For image and ECG AI, companies perform retrospective and prospective validation studies using labeled clinical datasets interpreted by expert physicians.
The FDA may review:
sensitivity and specificity
false positive and false negative rates
subgroup performance
external validation cohorts
reproducibility across settings
In many cases, companies spend years and millions of dollars generating evidence before obtaining clearance.
Why is this difficult for large language models?
Traditional SaMD products usually perform narrow clinical tasks with relatively stable outputs and measurable endpoints. A stroke detection model either flags hemorrhage or it does not. An ECG algorithm either identifies atrial fibrillation or it does not.
Large language models are much harder to regulate within that framework. Their outputs are probabilistic, open-ended, context-dependent, and continuously evolving. Even defining intended use becomes challenging.
Is the model summarizing literature? Generating differential diagnoses? Interpreting images? Educating clinicians? Drafting notes? Triaging patients?
Sometimes it is doing all of those things simultaneously. That creates major regulatory friction.
The Next FDA Challenge
The next FDA challenge in AI may not come from traditional medical device companies. It may come from general-purpose multimodal AI systems that increasingly behave like diagnostic tools while carefully avoiding explicit diagnostic claims.
For now, many of these platforms remain positioned as clinician-support systems rather than autonomous diagnostic engines. But multimodal AI continues to improve rapidly. And once AI systems can reliably interpret images, ECGs, and pathology slides at scale, the line between “medical reference” and “medical device” may become increasingly difficult to defend.

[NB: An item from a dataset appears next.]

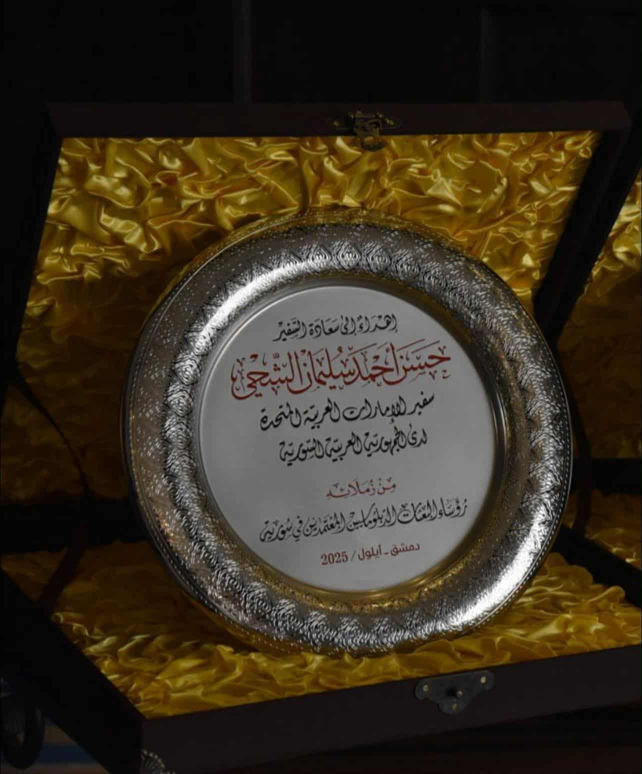 وخلال حفل وداع تكريمي أقيم في دمشق، جرى تقديم درع تكريمي من قبل رؤساء البعثات الدبلوماسية المعتمدين في سوريا تقديراً لدوره المميز في تعزيز العلاقات وتعميق الروابط الأخوية بين الشعبين.

A few questions are worth watching:
Will regulators focus more on real-world use than stated intent?
Does multimodal capability itself eventually trigger a new oversight framework?
How much clinician oversight is enough?
At what point does “clinical support” become “clinical interpretation”?
Can a general-purpose AI remain outside device regulation once clinicians routinely use it diagnostically?
We are still early in that conversation.